### [DATA BELOW]

──────

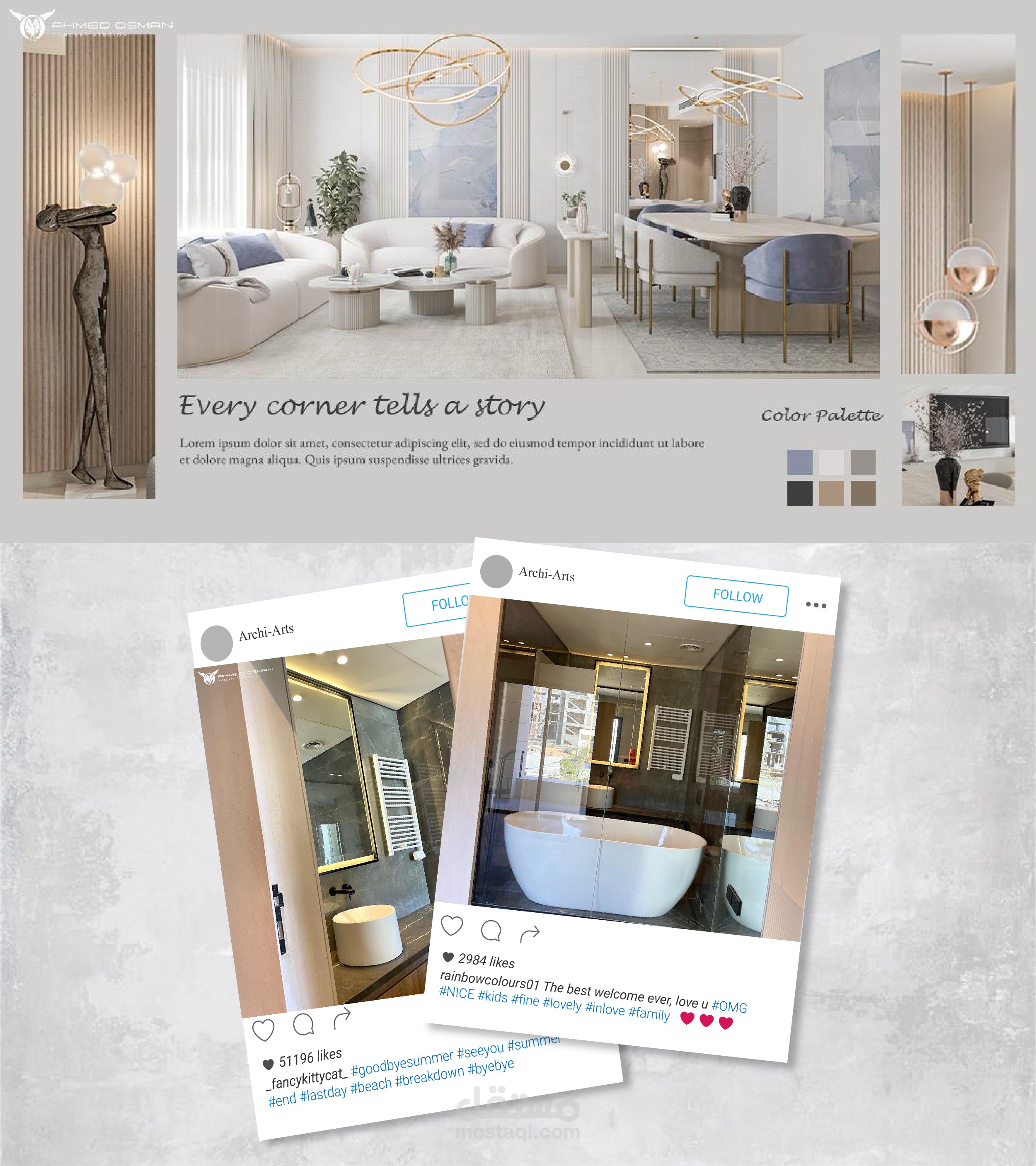 لشركة Archi-Arts الهندسية، صممت حزمة متكاملة من الأعمال تشمل:
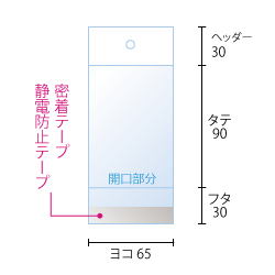 なお、弊社のヘッダー付きOPP袋製品は、すべて静電気防止シートを使用しておりますので、封入の際は、手にまとわりつきませんのでスムーズに封入でき、内職作業も効率的に行っていただけます。
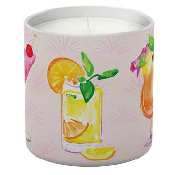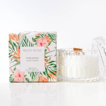 Showcasing a modern architectural paradise this candle features sleek villas surrounded by lush greenery, palm trees, and a backdrop of majestic mountains, evoking a serene and luxurious ambiance.
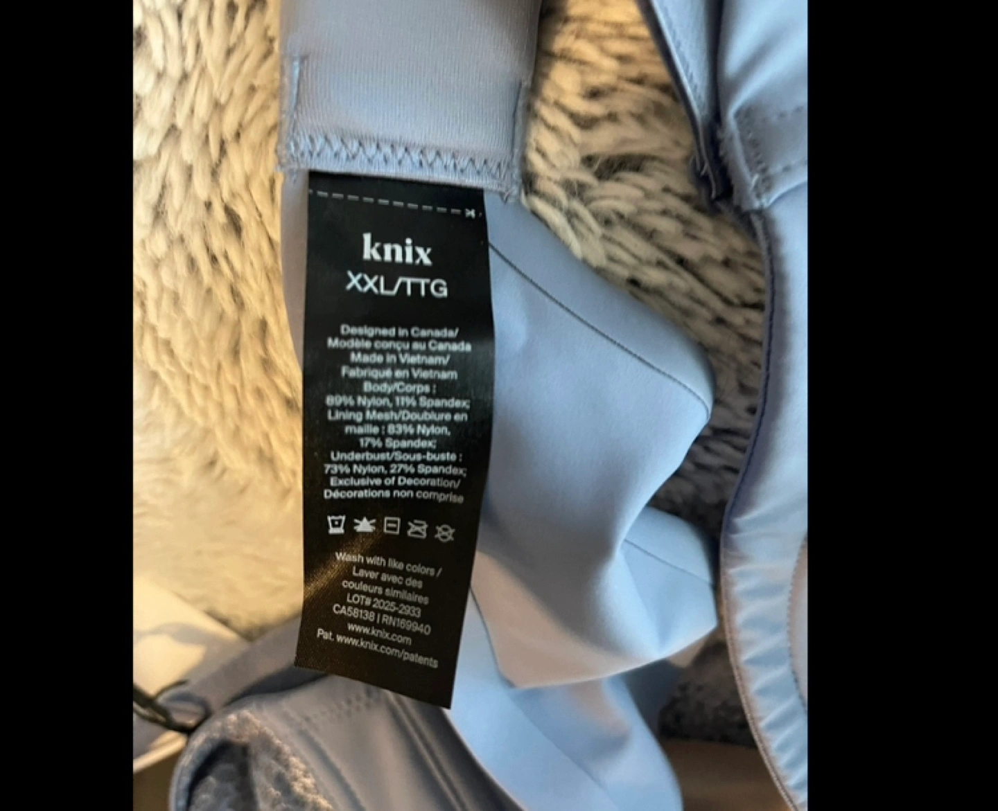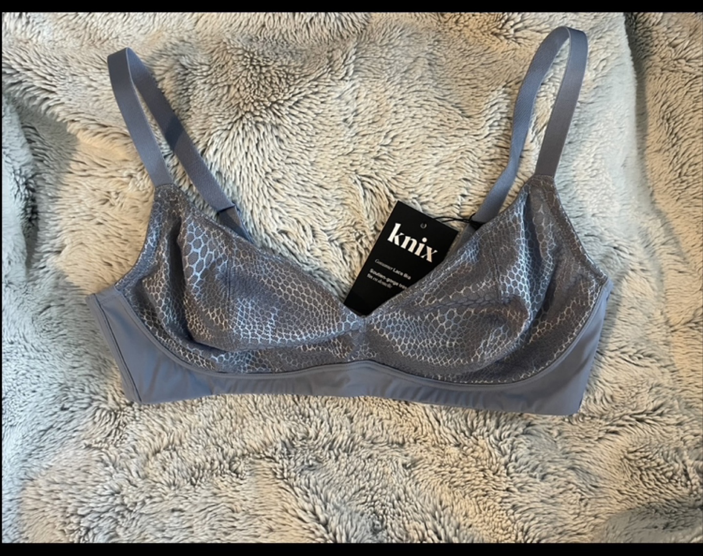 Selling a Knix Gossamer Lace Bra in size XXL. It's a beautiful light blue colour and made with 89% nylon and 11% spandex for a comfortable fit. The lining mesh is 83% nylon and 17% spandex. Underbust is 73% nylon and 27% spandex. Perfect for everyday wear!

──────

### [WHAT IS EXPECTED]
Print all the lines above exactly as they are, but without the pictures.

### [SOLUTION TO THE PROBLEM]
 لشركة Archi-Arts الهندسية، صممت حزمة متكاملة من الأعمال تشمل:
 なお、弊社のヘッダー付きOPP袋製品は、すべて静電気防止シートを使用しておりますので、封入の際は、手にまとわりつきませんのでスムーズに封入でき、内職作業も効率的に行っていただけます。
 Showcasing a modern architectural paradise this candle features sleek villas surrounded by lush greenery, palm trees, and a backdrop of majestic mountains, evoking a serene and luxurious ambiance.
 Selling a Knix Gossamer Lace Bra in size XXL. It's a beautiful light blue colour and made with 89% nylon and 11% spandex for a comfortable fit. The lining mesh is 83% nylon and 17% spandex. Underbust is 73% nylon and 27% spandex. Perfect for everyday wear!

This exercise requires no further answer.